Abstract
Aim:
Epigallocatechin-3-gallate (EGCG) is the major polyphenolic constituent in green tea. The aim of this study is to investigate the effects of EGCG on proliferation and migration of the human colon cancer SW620 cells.
Methods:
Proliferation and migration of SW620 cells were induced by the protease-activated receptor 2-agonist peptide (PAR2-AP, 100 μmol/L) or factor VIIa (10 nmol/L), and analyzed using MTT and Transwell assays, respectively. The cellular cytoskeleton was stained with rhodamine-conjugated phalloidin and examined with a laser scanning confocal fluorescence microscope. The expression of caspase-7, tissue factor (TF) and matrix metalloproteinase (MMP)-9 in the cells was examined using QT-PCR, ELISA and Western blot assays. The activation of extracellular signal-regulated kinase 1 and 2 (ERK1/2) and nuclear factor-kappa B (NF-κB) signaling pathways was analyzed with Western blot.
Results:
Both PAR2-AP and factor VIIa promoted SW620 cell proliferation and migration, and caused cytoskeleton reorganization (increased filopodia and pseudopodia). Pretreatment with EGCG (25, 50, 75, and 100 μg/mL) dose-dependently blocked the cell proliferation and migration induced by PAR2-AP or factor VIIa. EGCG (100 μg/mL) prevented the cytoskeleton changes induced by PAR2-AP or factor VIIa. EGCG (100 μg/mL) counteracted the down-regulation of caspase-7 expression and up-regulation of TF and MMP-9 expression in the cells treated with PAR2-AP or factor VIIa.
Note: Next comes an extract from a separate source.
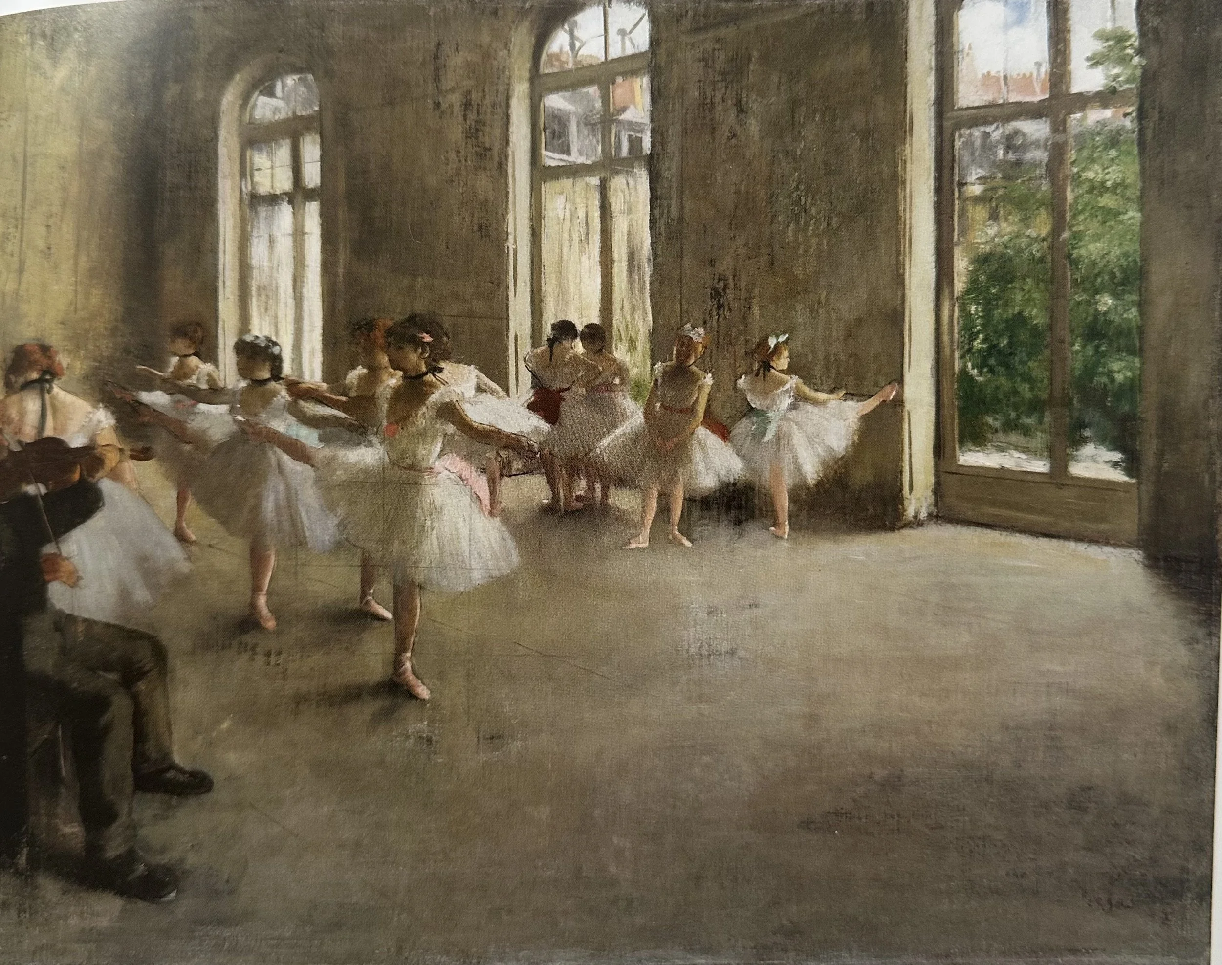 While Degas’s subjects once shocked polite society in Paris, they did not deter Harris. He was particularly drawn to images of dancers, especially scenes showing rehearsals and moments of rest between performances. These works revealed both the discipline required to create beauty and the exhaustion endured by young women with limited opportunities. Harris, who was active in social-service work in Naugatuck, would have recognized the darker implications present in these scenes, even as he appreciated their color, composition, and sense of movement.

Furthermore, it blocked the activation of ERK1/2 and NF-κB (p65/RelA) induced by PAR2-AP or factor VIIa.
Conclusion:
EGCG blocks the proliferation and migration of SW620 cells induced by PAR2-AP and factor VIIa via inhibition of the ERK1/2 and NF-κB pathways. The compound may serve as a preventive and therapeutic agent for colon cancers.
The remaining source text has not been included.